Re: [PATCH] sched/numa: use runnable_avg to classify node
From: Vincent Guittot
Date: Fri Aug 28 2020 - 02:48:28 EST
On Thu, 27 Aug 2020 at 20:22, Mel Gorman <mgorman@xxxxxxx> wrote:
>
> On Thu, Aug 27, 2020 at 05:43:11PM +0200, Vincent Guittot wrote:
> > > The testing was a mixed bag of wins and losses but wins more than it
> > > loses. Biggest loss was a 9.04% regression on nas-SP using openmp for
> > > parallelisation on Zen1. Biggest win was around 8% gain running
> > > specjbb2005 on Zen2 (with some major gains of up to 55% for some thread
> > > counts). Most workloads were stable across multiple Intel and AMD
> > > machines.
> > >
> > > There were some oddities in changes in NUMA scanning rate but that is
> > > likely a side-effect because the locality over time for the same loads
> > > did not look obviously worse. There was no negative result I could point
> > > at that was not offset by a positive result elsewhere. Given it's not
> > > a univeral win or loss, matching numa and lb balancing as closely as
> > > possible is best so
> > >
> > > Reviewed-by: Mel Gorman <mgorman@xxxxxxx>
> >
> > Thanks.
> >
> > I will try to reproduce the nas-SP test on my setup to see what is going one
> >
>
> You can try but you might be chasing ghosts. Please note that this nas-SP
> observation was only on zen1 and only for C-class and OMP. The other
> machines tested for the same class and OMP were fine (including zen2). Even
> D-class on the same machine with OMP was fine as was MPI in both cases.
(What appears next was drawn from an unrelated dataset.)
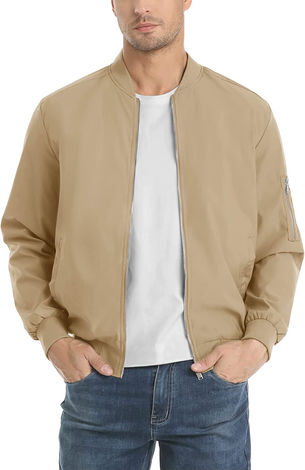 Men's Lightweight Jacket Casual Bomber Jacket Windproof Windbreaker Jacket Full Zip Up Coat

The
> bad result indicated that NUMA scanning and faulting was higher but that
> is more likely to be a problem with NUMA balancing than your patch.
>
> In the five iterations, two iterations showed a large spike in scan rate
> towards the end of an iteration but not the other three. The scan rate
> was also not consistently high so there is a degree of luck involved with
> SP specifically and there is not a consistently penalty as a result of
> your patch.
>
> The only thing to be aware of is that this patch might show up in
> bisections once it's merged for both performance gains and losses.
Thanks for the detailed explanation. I will save my time and continue
on the fairness problem in this case.
Vincent
>
> --
> Mel Gorman
> SUSE Labs